Ich persönlich bin der Ansicht dass die Menschenwürde auch den Übeltäter schützt. Auch derjenige, der zurecht im Gefängnis sitzt, der verurteilt wurde, hat eine Würde, die gewahrt werden muss.

Ich glaube, dass selbst die Tötung dessen, der getötet hat, zumindest ethisch fragwürdig ist, weil der „Würdeanspruch“ dem „Tötungsverlangen“ der Justiz oder einer Gesellschaft entgegensteht.

Sie sehen, es gibt sittliche Tatsachen, die ethisch umstritten sind, obwohl diese sittlichen Tatsachen unabgeleitet sind, obwohl sie zum Teil große Anerkennung finden. Dennoch ist die Ethik aufgerufen, sich gegen diese sittlichen Tatsachen auszusprechen.

Natürlich wird das unmittelbar nichts bewirken. Es wird also etwa keine Änderung der Rechtsverhältnisse in diesen Gesellschaften geben, aber es gibt ein Bewusstsein, das sogar weltweiten Charakter annehmen kann, wie am Beispiel der Frauenbeschneidung. Da hat dieses Bewusstsein schon weltweite Verbreitung gefunden. Ein weltweites Bewusstsein, das darin besteht, diese Praxis als unmenschlich und nicht bewahrenswert zu verurteilen.

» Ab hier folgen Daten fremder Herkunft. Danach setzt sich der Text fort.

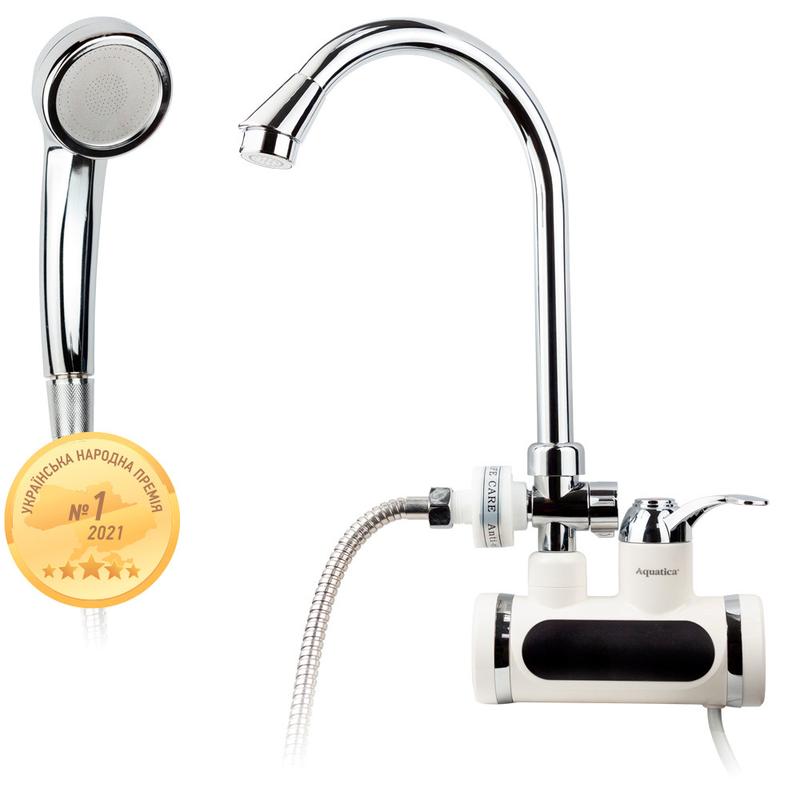 ## Кран водонагреватель проточный JZ 3.0кВт для ванной с душем и однорычажным управлением DM-11 Кран-водонагреватель проточный JZ 3.0кВт 0,4-5бар для ванны гусак ухо настенный AQUATICA (JZ-7C141W) - Класс защиты: IPX4 - Минимальное давление в системе водоснабжения: 0.4 бар - Максимальное давление в системе водоснабжения: 5 бар - Водородный показатель воды (pH): 6.5-8.5 - Общая минерализация воды: не более 1500 г/м³ - Только для чистой воды без примесей, содержащих абразивы (песок, глину, известь и т.д.) Кран водонагреватель проточный электрический JZ-7C141W представляет собой смеситель для душа с автономным подогревом воды. Обычно используется на даче, в квартире, бытовых помещениях общественного пользования, где нет возможности или необходимости устанавливать газовую колонку либо бойлер. Этот проточник состоит из белого термостойкого корпуса с нагревательными элементами внутри и цифровым дисплеем снаружи. Регулировка температуры и напора струи осуществляется с помощью небольшого рычага. Излив J-образный, поворотный, на «носике» установлен аэратор. В комплект также входит шланг с душевой лейкой на 2 режима и кронштейн. Особенности: - непрерывный доступ к горячей воде; - компактные габариты; - уникальный дизайн; - удобное однорычажное управление; - класс защиты: IPX4. Монтаж настенный, необходимо подключение к электросети с напряжением 220 В. Гарантия на проточный водонагреватель Акватика JZ-7C141W – 12 месяцев. Наименование Ед.Изм. Значение Артикул9793213 Длина кабеля, мм1200 Напряжение, В220 Частота, Гц50 (60) Номинальная мощность, кВт3 Масса, кг1,74 Официальная гарантияОт производителя ДисплейЦифровой, зеленый Комплектацияшланг для душа (нержавеющая сталь, 1500 мм), лейка для душа (АВЅ, 1 режим), кронштейн (ABS) ИзливJ-образный, поворотный 360° Материал смесителяТермостойкий ABS-пластик Нагревающий элементТЕН Ток13.6 А Поток горячей воды2–2.5 л/мин Температура горячей воды30–60 °С Тип монтажаНа стену Успейте заказать, количество штук по акции ограничено! Остерегайтесь подделок и низкокачественного товара, его сейчас очень много представлено под видом oригинaлa! Мы предлагаем высочайшее добротное качество товара на рынке Украины, который выполняет свою функцию и от которого вы будете получать только приятные эмоции. Почему покупают именно у нас? Отзывы и рекомендации реальных клиентов Наш магазин имеет многочисленные положительные отзывы от довольных клиентов. Вы можете ознакомиться с их опытом и рекомендациями в описании ниже и на нашем сайте, что поможет вам сделать обоснованный выбор. Прозрачность и честность Мы ведем открытую и честную политику в отношениях с клиентами и всегда идем навстречу. Все характеристики товаров, условия гарантии и обмена четко указаны на нашем сайте, что позволяет избежать недоразумений и обеспечивает доверие клиентов. Легкая система возврата товаров Мы понимаем, что иногда товар может не подойти Вам по тем или иным причинам. Поэтому мы предлагаем гибкую и прозрачную систему возврата товаров, что обеспечивает вам спокойствие и уверенность в вашей покупке. Высокий уровень обслуживания клиентов, 10 лет опыта Наши специалисты всегда готовы предоставить профессиональную консультацию и помощь в выборе товара. Мы ценим каждого клиента и стремимся сделать процесс покупки максимально комфортным и приятным. Быстрая доставка и удобные условия оплаты Мы предлаг

Die Ethik kann auch dazu beitragen, dass solche Grundlagen oder sittlichen Tatsachen, die nicht zurechtfertigen sind, weil ihre Konsequenzen schlecht sind – nicht weil sie unabgeleitet sind, sondern weil die Konsequenzen schlecht sind – in Frage gestellt werden. Die Ethik hat in diesem Sinne auch eine Aufklärungspflicht, eine Kritikpflicht; die sie in diesem Fall unbedingt wahrnehmen sollte.